Problem statement: Here are the records. Write out exactly the lines between the one holding "Das Schleifen Gestreiftes" and the one holding "Con spalle. CORPO:polyamide", inclusive.

Supplied records:
:::::
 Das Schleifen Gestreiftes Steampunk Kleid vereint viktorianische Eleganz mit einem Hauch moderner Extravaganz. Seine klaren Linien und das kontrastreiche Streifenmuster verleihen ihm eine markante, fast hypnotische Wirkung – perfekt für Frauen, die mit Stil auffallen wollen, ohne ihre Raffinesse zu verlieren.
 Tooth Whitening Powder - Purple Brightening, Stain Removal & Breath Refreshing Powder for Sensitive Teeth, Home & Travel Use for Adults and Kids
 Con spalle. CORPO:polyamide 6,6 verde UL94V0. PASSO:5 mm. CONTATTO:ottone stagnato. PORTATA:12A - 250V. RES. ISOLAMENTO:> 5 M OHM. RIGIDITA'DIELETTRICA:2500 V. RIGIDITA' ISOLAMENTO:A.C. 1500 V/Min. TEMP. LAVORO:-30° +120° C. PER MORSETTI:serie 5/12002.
:::::
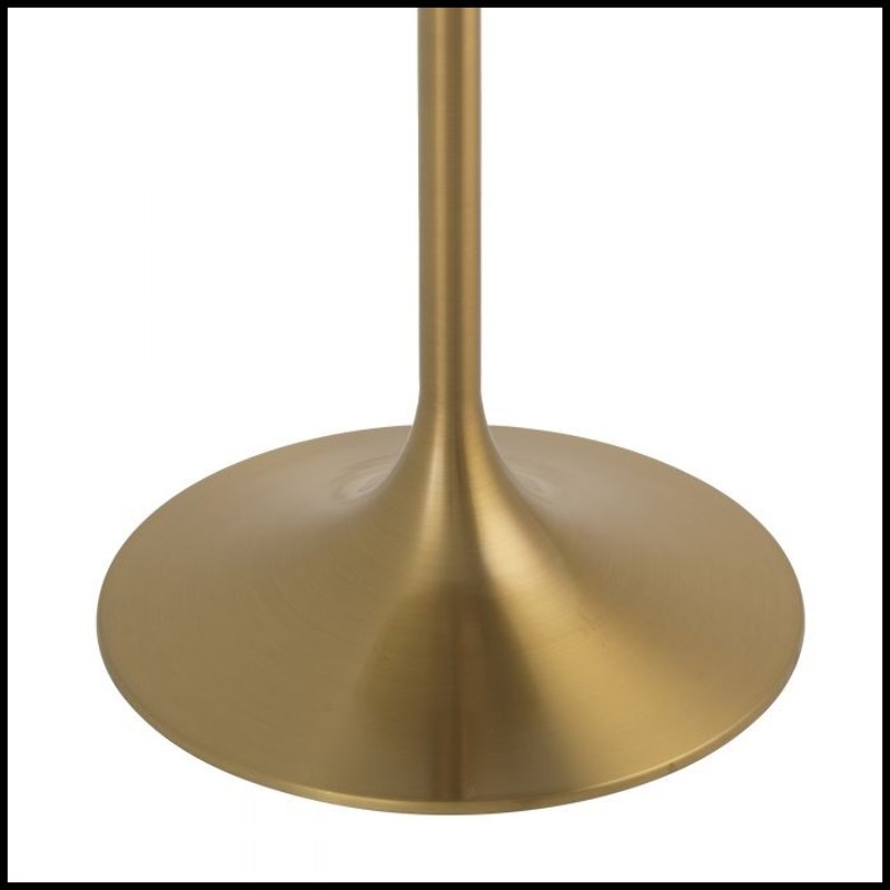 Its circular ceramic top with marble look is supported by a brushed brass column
:::::
Answer section:
 Das Schleifen Gestreiftes Steampunk Kleid vereint viktorianische Eleganz mit einem Hauch moderner Extravaganz. Seine klaren Linien und das kontrastreiche Streifenmuster verleihen ihm eine markante, fast hypnotische Wirkung – perfekt für Frauen, die mit Stil auffallen wollen, ohne ihre Raffinesse zu verlieren.
 Tooth Whitening Powder - Purple Brightening, Stain Removal & Breath Refreshing Powder for Sensitive Teeth, Home & Travel Use for Adults and Kids
 Con spalle. CORPO:polyamide 6,6 verde UL94V0. PASSO:5 mm. CONTATTO:ottone stagnato. PORTATA:12A - 250V. RES. ISOLAMENTO:> 5 M OHM. RIGIDITA'DIELETTRICA:2500 V. RIGIDITA' ISOLAMENTO:A.C. 1500 V/Min. TEMP. LAVORO:-30° +120° C. PER MORSETTI:serie 5/12002.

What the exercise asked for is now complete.